- Elephant Gate Elephant Gate (Chennai)
- Coordinates: 13°05′28.8″N 80°16′42.5″E﻿ / ﻿13.091333°N 80.278472°E
- Country: India
- State: Tamil Nadu
- District: Chennai district
- Elevation: 33 m (108 ft)

Languages
- • Official: Tamil, English
- • Speech: Tamil, English
- Time zone: UTC+5:30 (IST)
- PIN: 600079
- Telephone Code: +9144xxxxxxxx
- Neighbourhoods: George Town, Royapuram, Kondithope, Mannadi Vannarapettai, Tondiarpet, Sowcarpet, Vallalar Nagar, Basin bridge and Kasimedu
- Website: https://chennaicorporation.gov.in

= Elephant Gate =

Elephant Gate is a neighbourhood in Chennai district of Tamil Nadu state in the peninsular India. It is located at an altitude of about 33 m above the mean sea level with the geographical coordinates of (i.e., 13.091345°N, 80.278475°E). George Town, Royapuram, Kondithope, Mannadi Vannarapettai, Tondiarpet, Sowcarpet, Vallalar Nagar, Basin bridge and Kasimedu are some of the important neighbourhoods of Elephant Gate. Elephant Gate is one of the areas where the former Chief Minister of Tamil Nadu, K. Kamaraj, delivered a speech in the year 1959.
 There is a police station in Elephant Gate.
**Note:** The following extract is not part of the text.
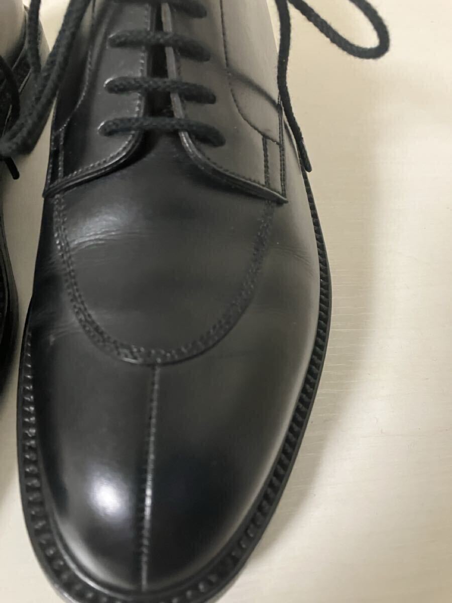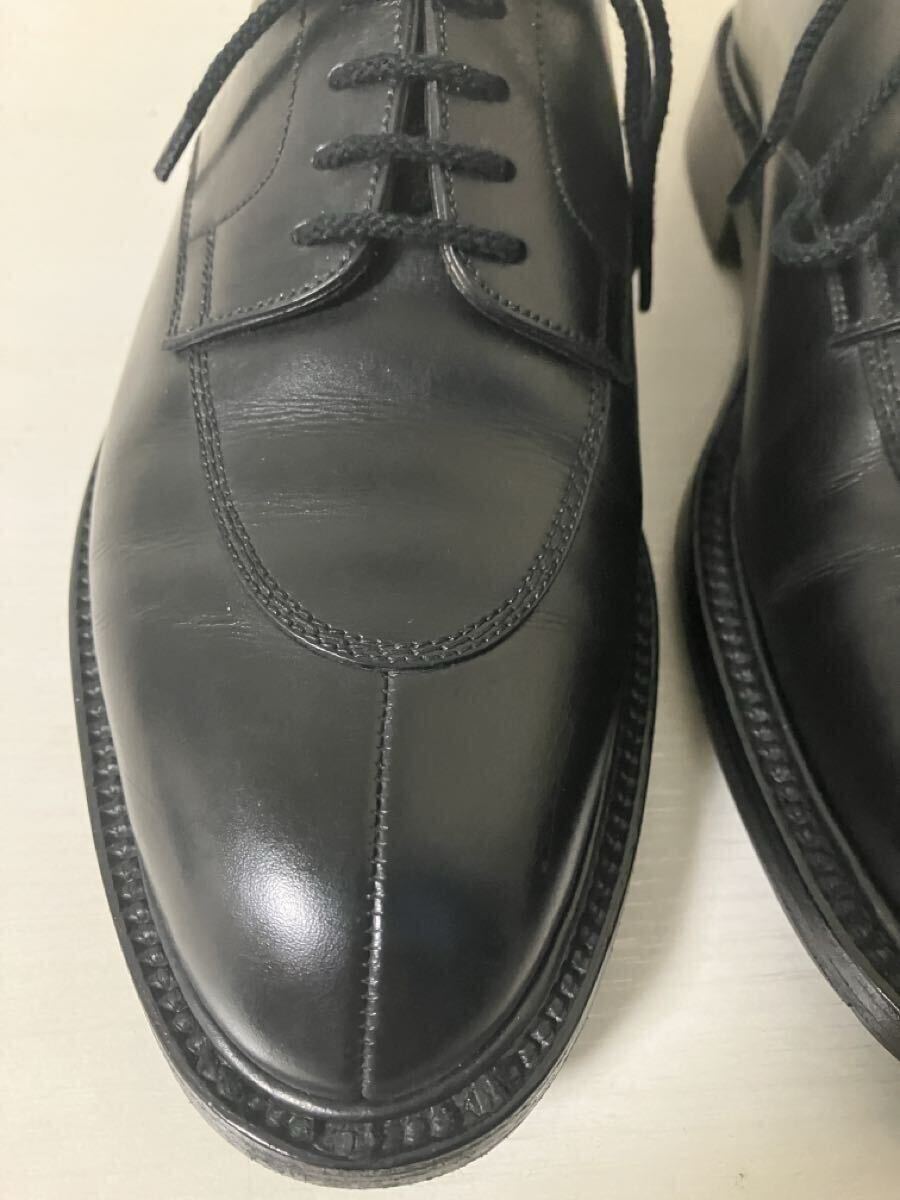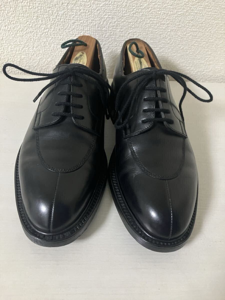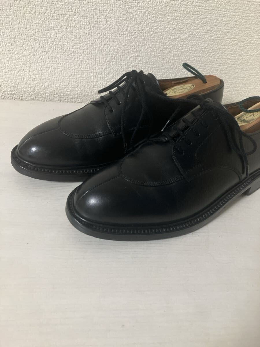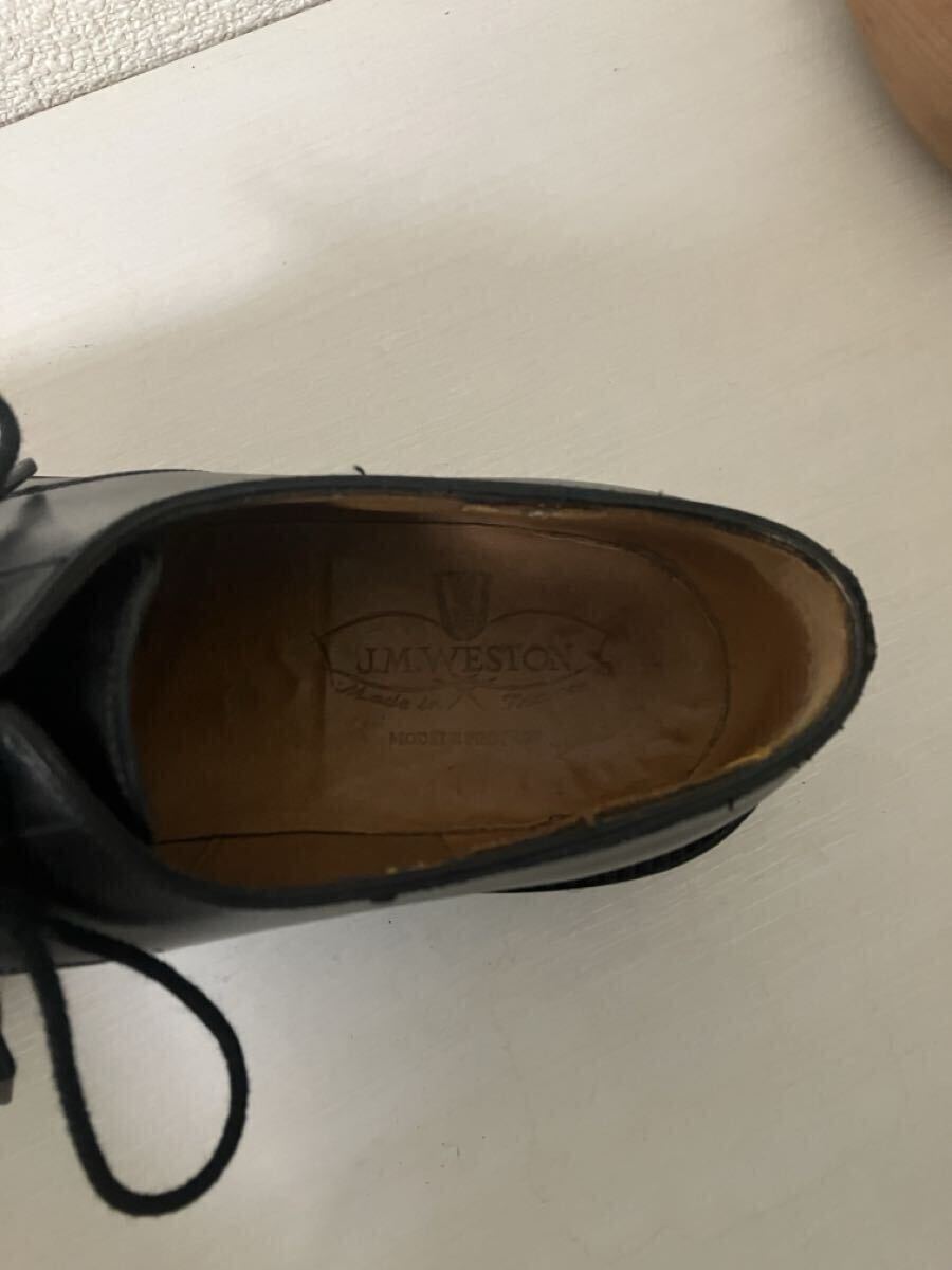 履きジワはさほど深く入っておらず、まだ革の柔らかさも残っておりますので、これからご自身の足型に合わせてエイジングが可能です。ヒール内側をレザー補強しています。光沢感もしっかりあります。
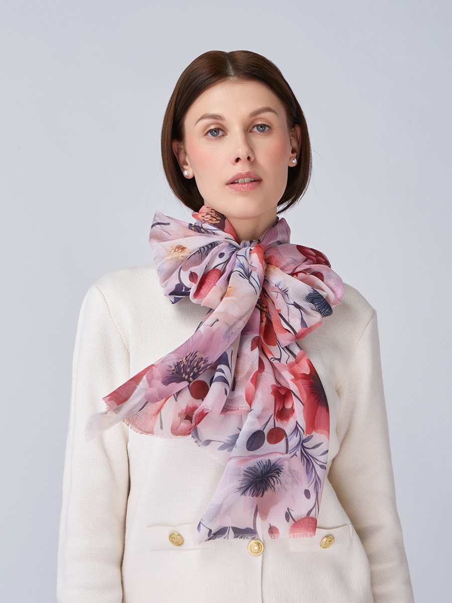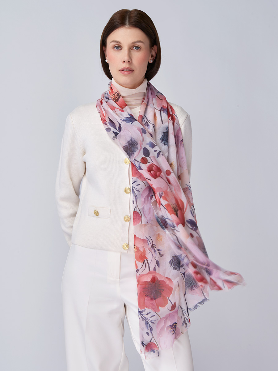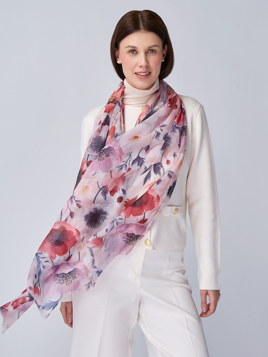 Большой, мягкий, тонкий и очень нежный палантин с рисунком. Только ручная стирка. 55% полиэстер, 35% вискоза, 10% шелк

There existed a bridge named Elephant Gate bridge, 89 years old, in between Basin Bridge railway station and Chennai Central railway station above the railway tracks. Near about 10,000 vehicles, during peak hours, crossed this bridge. Due to the weakness of the bridge and to decongest the traffic, the bridge was demolished; and a new bridge, with the length of about 156.12 m is being constructed. The construction works are carried out by the Greater Chennai Corporation and Southern Railway, Chennai division. The cost of the project is about ₹30 crore and is equally shared by Greater Chennai Corporation and Southern Railway. Still the construction work in progress and likely to get over in August 2025.

Ranganathaswamy Devasthanam Temple and Vaikunta Perumal & Dharmarajar Devasthanam Temple are a few important temples in Elephant Gate area.